**Your objective:** Leave out the pictures, and write out exactly the lines from the beginning of the material to the line holding "希诺加厚玻璃杯 耐热高档车载泡茶杯 单层新款男士大容量水杯子", that line included, and nothing else.
(Beginning of Input data)
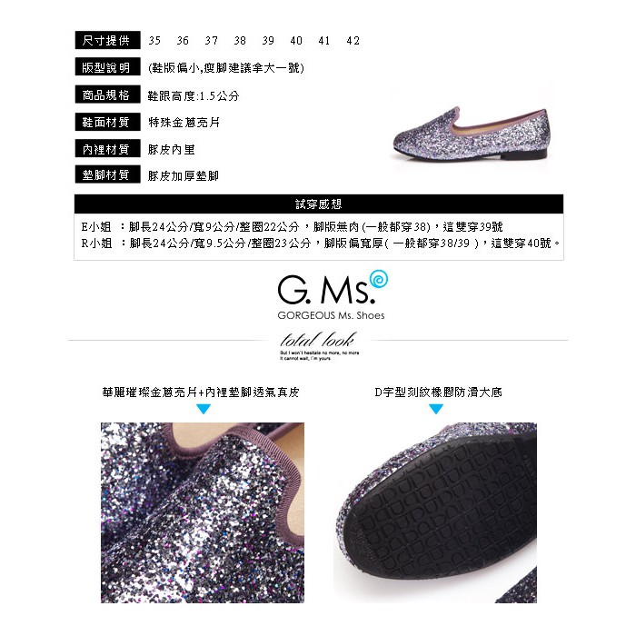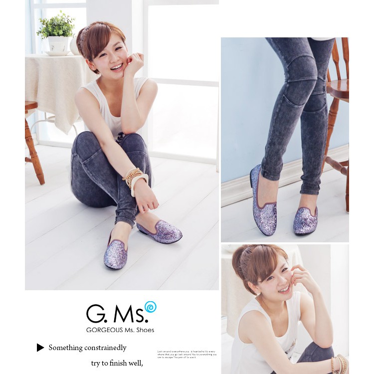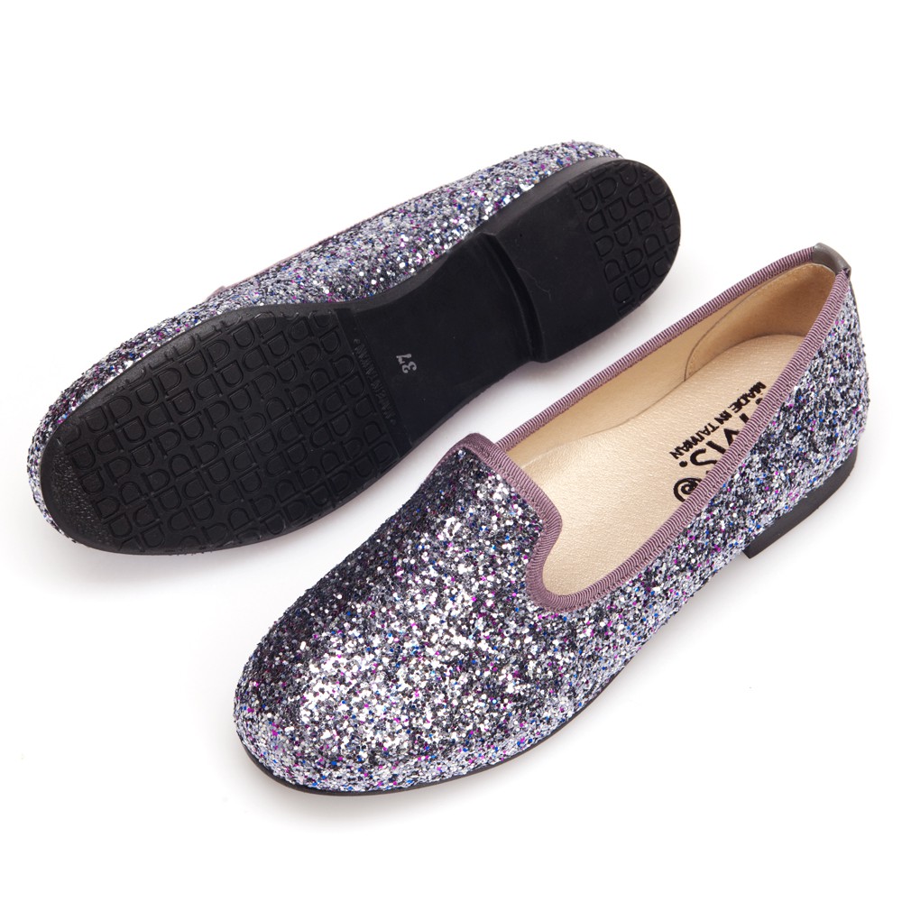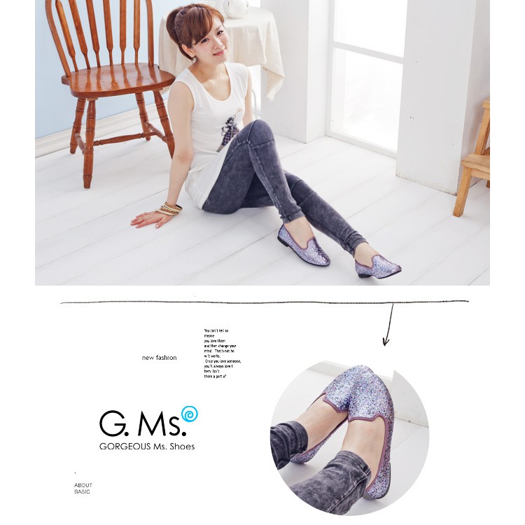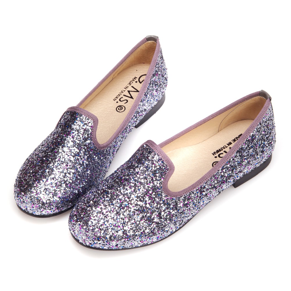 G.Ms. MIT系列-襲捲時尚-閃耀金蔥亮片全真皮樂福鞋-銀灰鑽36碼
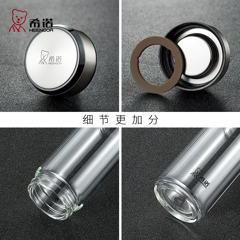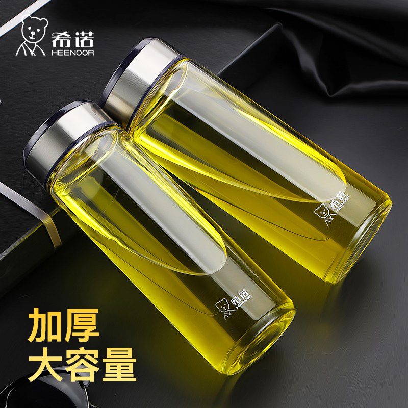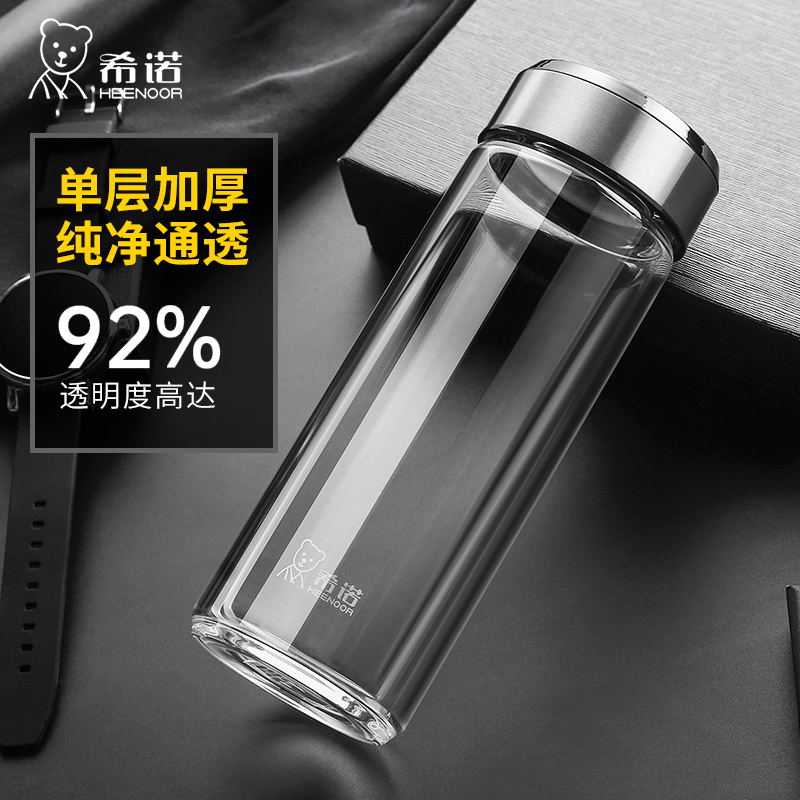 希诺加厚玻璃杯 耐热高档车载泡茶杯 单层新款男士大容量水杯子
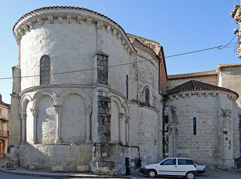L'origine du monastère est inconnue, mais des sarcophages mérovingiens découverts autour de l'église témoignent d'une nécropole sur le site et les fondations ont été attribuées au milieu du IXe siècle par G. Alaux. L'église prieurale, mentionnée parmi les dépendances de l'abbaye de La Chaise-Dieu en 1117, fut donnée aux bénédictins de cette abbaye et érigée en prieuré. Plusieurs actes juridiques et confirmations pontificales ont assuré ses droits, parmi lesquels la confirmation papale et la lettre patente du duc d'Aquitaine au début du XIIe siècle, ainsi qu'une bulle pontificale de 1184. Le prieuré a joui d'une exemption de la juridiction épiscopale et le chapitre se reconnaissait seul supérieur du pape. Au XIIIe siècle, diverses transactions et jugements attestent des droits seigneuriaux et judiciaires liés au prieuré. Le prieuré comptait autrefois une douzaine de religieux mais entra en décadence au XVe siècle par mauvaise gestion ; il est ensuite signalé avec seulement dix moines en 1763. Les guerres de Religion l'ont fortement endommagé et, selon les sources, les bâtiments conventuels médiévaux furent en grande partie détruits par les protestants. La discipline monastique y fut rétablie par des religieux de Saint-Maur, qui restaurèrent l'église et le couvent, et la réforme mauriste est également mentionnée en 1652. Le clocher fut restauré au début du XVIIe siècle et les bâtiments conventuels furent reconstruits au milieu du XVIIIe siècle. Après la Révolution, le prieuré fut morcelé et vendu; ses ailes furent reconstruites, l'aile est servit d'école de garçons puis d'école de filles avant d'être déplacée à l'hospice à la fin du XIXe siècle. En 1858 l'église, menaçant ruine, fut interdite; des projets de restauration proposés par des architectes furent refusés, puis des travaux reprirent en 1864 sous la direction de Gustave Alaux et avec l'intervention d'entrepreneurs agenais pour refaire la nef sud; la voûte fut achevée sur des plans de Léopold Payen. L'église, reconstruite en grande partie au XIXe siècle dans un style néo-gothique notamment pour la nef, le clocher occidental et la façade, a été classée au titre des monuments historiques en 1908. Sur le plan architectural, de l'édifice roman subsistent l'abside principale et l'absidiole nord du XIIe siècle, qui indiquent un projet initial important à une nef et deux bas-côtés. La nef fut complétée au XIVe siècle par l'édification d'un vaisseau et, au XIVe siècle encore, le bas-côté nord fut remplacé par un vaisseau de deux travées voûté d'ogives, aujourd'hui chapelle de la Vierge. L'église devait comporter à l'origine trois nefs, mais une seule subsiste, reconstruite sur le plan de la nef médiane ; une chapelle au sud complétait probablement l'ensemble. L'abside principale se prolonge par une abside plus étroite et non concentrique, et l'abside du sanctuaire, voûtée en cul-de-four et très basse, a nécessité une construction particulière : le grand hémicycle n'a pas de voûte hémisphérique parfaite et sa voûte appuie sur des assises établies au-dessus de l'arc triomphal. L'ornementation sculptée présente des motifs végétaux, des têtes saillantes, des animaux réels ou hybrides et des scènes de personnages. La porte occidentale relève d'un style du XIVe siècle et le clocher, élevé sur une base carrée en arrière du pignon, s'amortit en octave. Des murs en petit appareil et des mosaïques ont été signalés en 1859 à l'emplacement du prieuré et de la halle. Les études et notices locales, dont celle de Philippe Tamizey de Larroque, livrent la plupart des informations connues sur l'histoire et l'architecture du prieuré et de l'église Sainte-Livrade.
(End of Input data)
**Response to this task:**
 G.Ms. MIT系列-襲捲時尚-閃耀金蔥亮片全真皮樂福鞋-銀灰鑽36碼
 希诺加厚玻璃杯 耐热高档车载泡茶杯 单层新款男士大容量水杯子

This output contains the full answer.